Dive Brief:
- The U.S. Department of Energy has authorized construction to move forward on the three primary buildings of a $6.5 billion uranium processing facility at the Y-12 National Security Complex in Oak Ridge, Tennessee, according to the Knoxville News Sentinel.
- The project will include the Main Process Building (MPB), Salvage and Accountability Building (SAB) and Process Support Facilities (PSF), according to the Oak Ridger. The modern facility, where personnel will conduct for highly enriched uranium operations, namely recycling uranium from old nuclear warheads, will replace an older, World War II-era plant with safer and more efficient buildings. The three-story, 240,000-square-foot main building will house the uranium operations, and the other two structures will offer support services. Design and other preconstruction activities are underway.
- The federal government will fund the project annually on a "build to budget" basis through 2025. This year's $1.3 trillion spending bill included $663 million for the project. The department's National Nuclear Security Administration said the project would generate 2,000 construction jobs at peak activity.
Dive Insight:
The uranium facility project is part of a $1.2 trillion plan to modernize the U.S nuclear arsenal, an initiative crafted by former President Barack Obama. According to the Arms Control Association, the Trump administration reviewed the Obama-era plan and intends on not only continuing with it but adding new nuclear weapons capacity.
While the nuclear weapons modernization program appears to have won the favor of President Donald Trump, state and local infrastructure projects have not been as fortunate.
Trump fired the first salvo at those projects in a commentary accompanying his 2018 budget proposal. Trump wrote that local and state agencies had become too dependent on the federal government for financing and that the administration's focus would turn to those projects that had national impact.
Then, in his detailed infrastructure plan, the president said states that secure their own funding — through private investment, new transit taxes, etc. — would receive a much-reduced level of federal help through grants.
The administration has already taken aim at the proposed $13 billion New York-New Jersey Hudson River tunnel by not living up to an alleged Obama-era deal that would have seen the Transportation Department cover half of the tunnel's cost. The tunnel was severely damaged by Superstorm Sandy, and its replacement is critical in order to keep rail traffic moving along the Northeast Corridor.

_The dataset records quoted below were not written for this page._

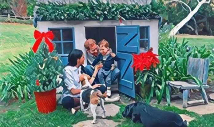 The image features Prince Harry and Archie sitting at the front of a wooden children’s play cottage, with Meghan slightly further forward. Oz and Guy, the family’s dogs, are also included.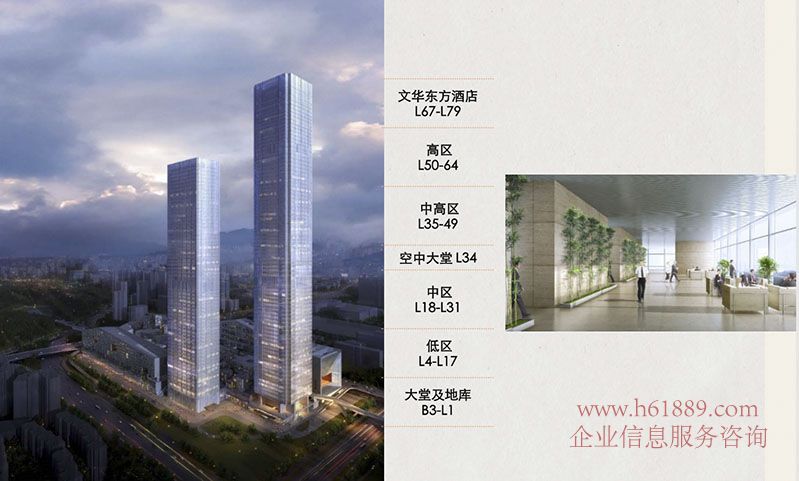 建筑樓層:T1棟:地上79層, T2棟:地上61層,地下3層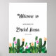 This welcome sign design is based on green cacti with light orange and pink flowers that gives design Mexican structure. Funny a bit and Elegant. This Bridal shower poster template combines two different fonts and their different size for more dynamic look.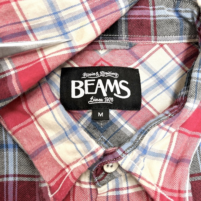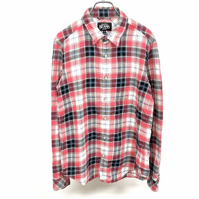 商品タイトル | BEAMS ビームス M メンズ シャツ チェック ワイヤー襟 長袖 綿×ポリエステル×ポリウレタン レッド×ブルー×ブラック×オフホワイト 赤系 |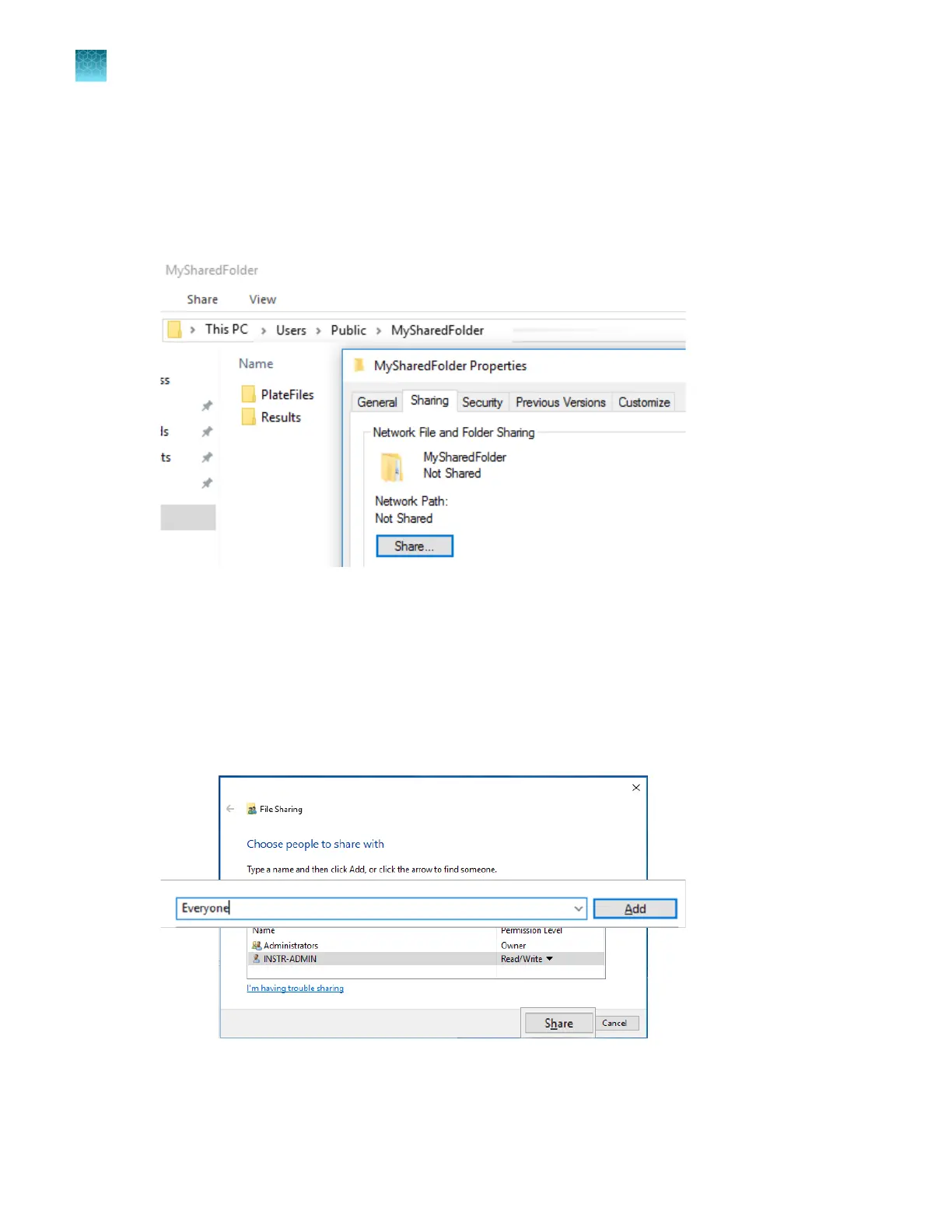 Create subfolders in the MySharedFolder folder. Example: PlateFiles and Results.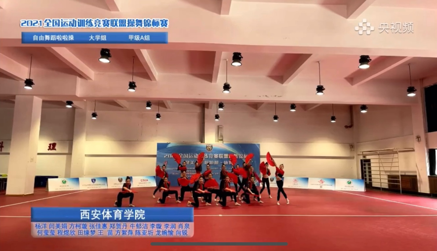 6月5日—7日,由国家体育总局科教司、全国运动训练竞赛联盟主办的“2021全国运动训练竞赛联盟操舞锦标赛”在央视频平台如期线上举行。本次比赛,由365官网教师许波教授带领17名学生(本科生、研究生)组成的大学生啦啦操代表队参加了舞蹈啦啦操项目的直播比赛,最终获得大学体育院校组“自由舞蹈啦啦操第一名”的优异的成绩。

However, when New York and New Jersey officials approached the Transportation Department about the best way to fund the project, they received notification that there was no such deal. In testimony before the House Transportation and Infrastructure Committee earlier this month, Transportation Secretary Elaine Chao said the president was trying to kill the project and had asked House Speaker Paul Ryan to block funding for it.